The head of Iran’s Passive Defense Organization (PDO) called Saudi Arabia Iran’s “main threat.” PDO Head IRGC Brigadier General Gholam Reza Jalali accused “inexperienced Saudi leaders” of adopting “offensive strategies against Iran.” He specified that the two countries are competing in “military, economic, and cyber fields.” Iranian officials have increasingly prioritized the improvement of Iran’s cyber capabilities over the past several years. Saudi Arabia, meanwhile, held live-fire drills on October 4 in the Persian Gulf in a move likely to inflame tensions between the two countries.

In the meantime, the IRGC Navy issued a statement warning Saudi Arabia that Iran “will not tolerate any provocative movement” of Saudi vessels in the Persian Gulf. Saudi Arabia began naval wargames in the Persian Gulf on October 4. The IRGC’s statement accuses Saudi Arabia of “undermining security” and “escalating tensions” in the Persian Gulf, where Iran has repeatedly asserted itself as the guarantor of security. The statement is the latest iteration in tension between the two countries.

IRGC Quds Force Commander Qassem Soleimani praised Iran’s role in Syria as defending the region from ISIS and criticized Saudi Arabia’s deputy crown prince for downplaying the threat of terrorism. IRGC Major General Soleimani spoke at a mourning ceremony for an Iranian brigadier general killed in Syria last year. He stated, “We are not just defending Syria. We are defending Islam and the Islamic Republic... If we had not faced these groups in Syria, all of these regions would be fighting ISIS.” He also claimed that Mohammad bin Salman al Saud, the deputy crown prince of Saudi Arabia, is “hotheaded” and considers the Iran-Syria relationship to be more dangerous than ISIS. Soleimani has become increasingly vocal on political issues over the summer but recently indicated that he will not run for office.
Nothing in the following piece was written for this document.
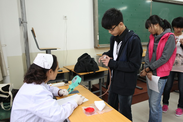 每一位负责体检测量的队员都尽心尽责,耐心地对每一位被测量的同学进行指导、纠正,让学生都能按照正确的步骤去测量。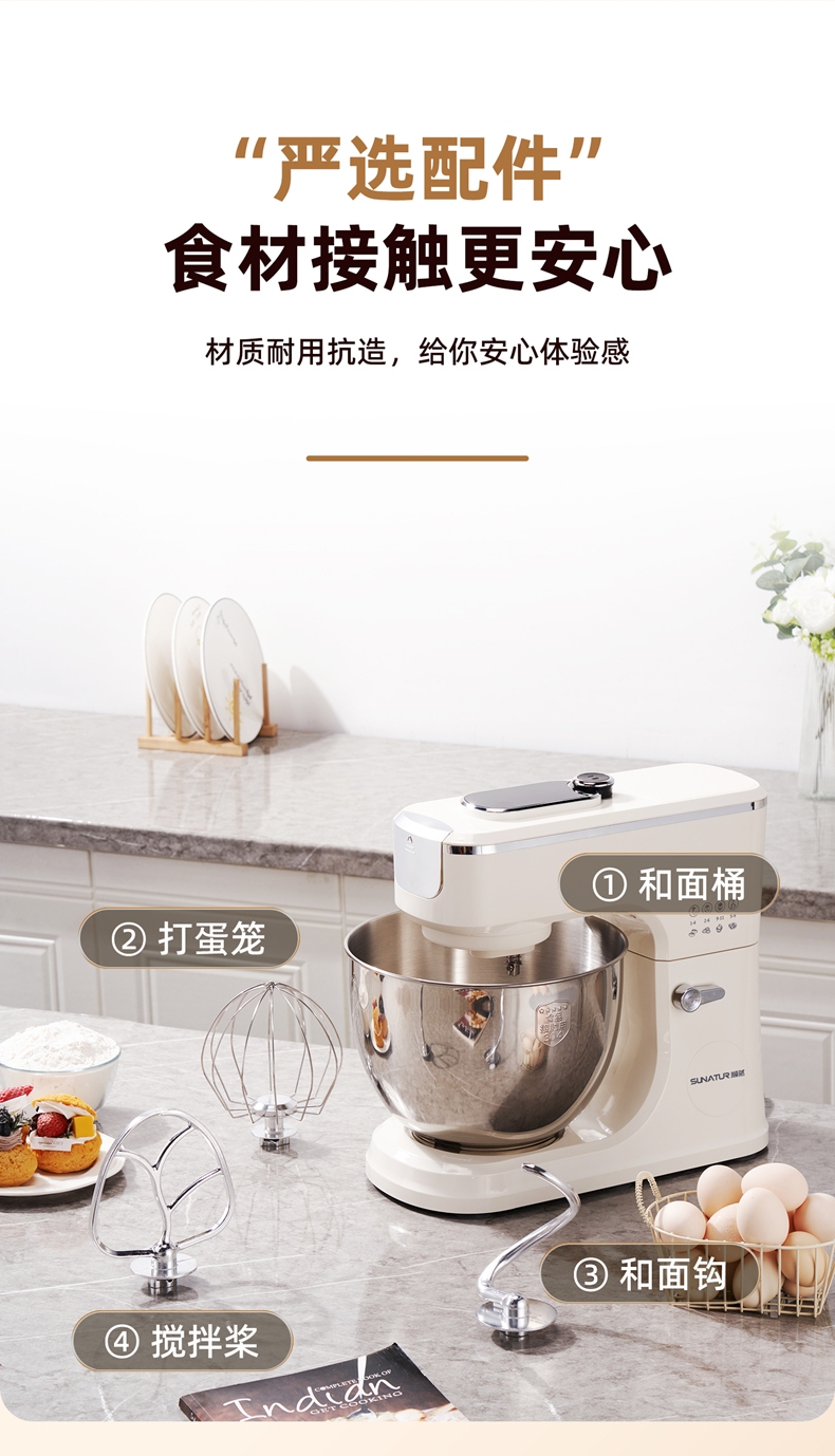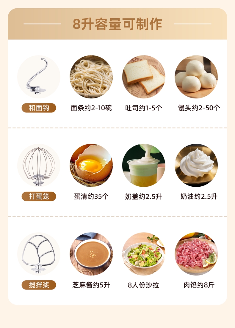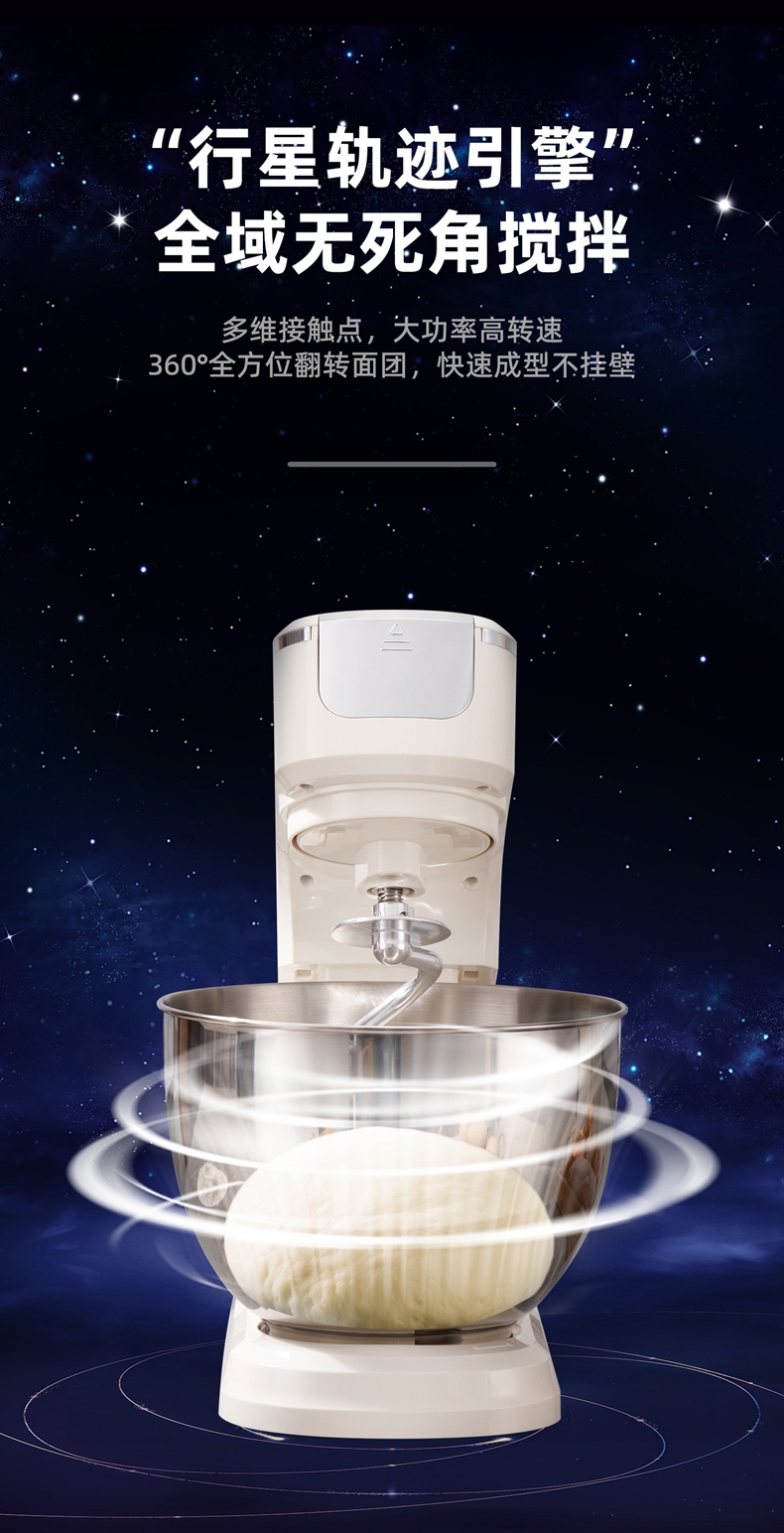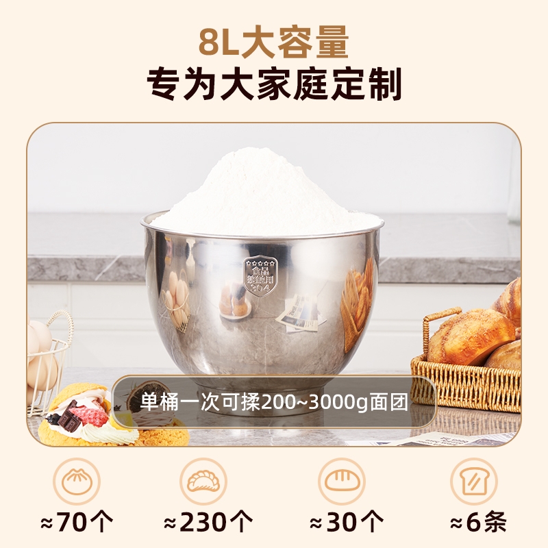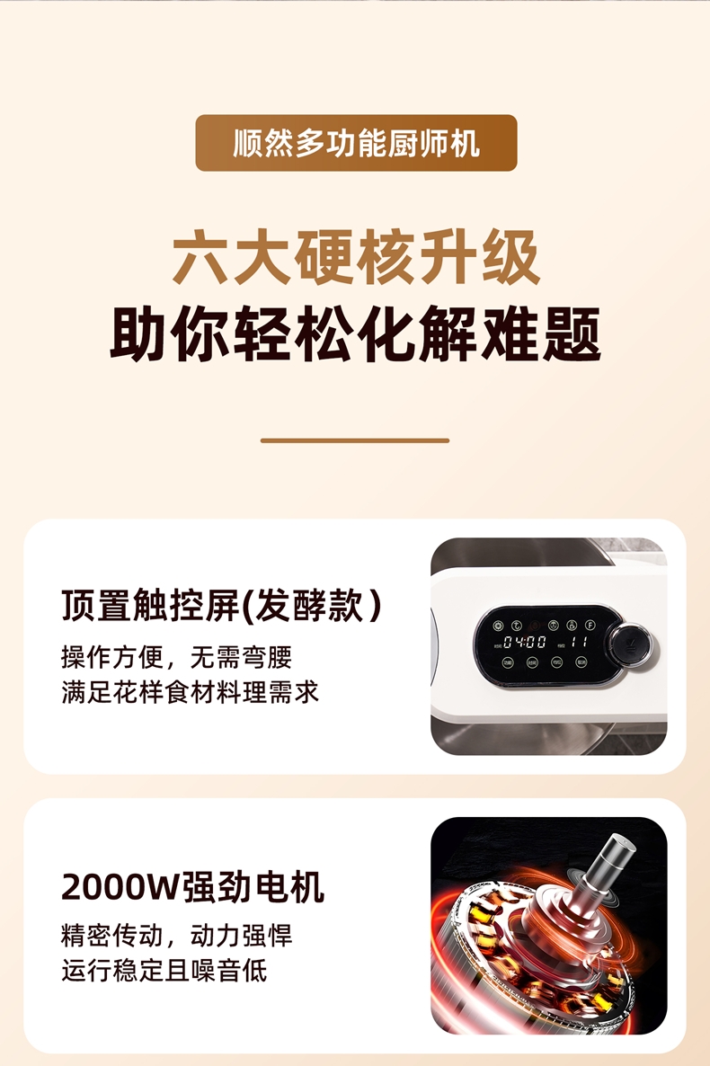 配置清单:2000W大功率,动力足,快速揉好各种面团。 304 不锈钢材质,模拟专业手法 11 档灵活调速,大容量,满足多口之家或私房烘焙需求。 顶部触控屏,定时恒温发酵,揉面发酵一体化。 底部 6 个吸盘,揉面时稳固机身,减少震动噪音 可选配扩展配件,解锁更多面条玩法

Senior Foreign Policy Advisor to the Supreme Leader Ali Akbar Velayati reiterated Iran’s support for Syrian President Bashar al Assad and its opposition to any partition of Syria or Iraq. Velayati praised Iranian support for the Assad regime during a meeting with Syrian “economic activists” in Tehran, stating, “We do not see another example in the region of two governments being so committed to each other.” Velayati asserted that the Syrian government will be “victorious in the battle over the fate of Aleppo” and criticized the U.S. for seeking “the partition of Syria and Iraq.” Other senior Iranian officials have similarly voiced Iran’s opposition to political solutions that involve partitioning the states.

In the stock market, the TSE All-Share Index, recorded a negative return at the end of the week, closing at 77,183, recording a weekly drop of 0.2%. In the FOREX market, the US dollar continued its slight increase versus the Iranian rial by 0.25% to close at IRR 35,920.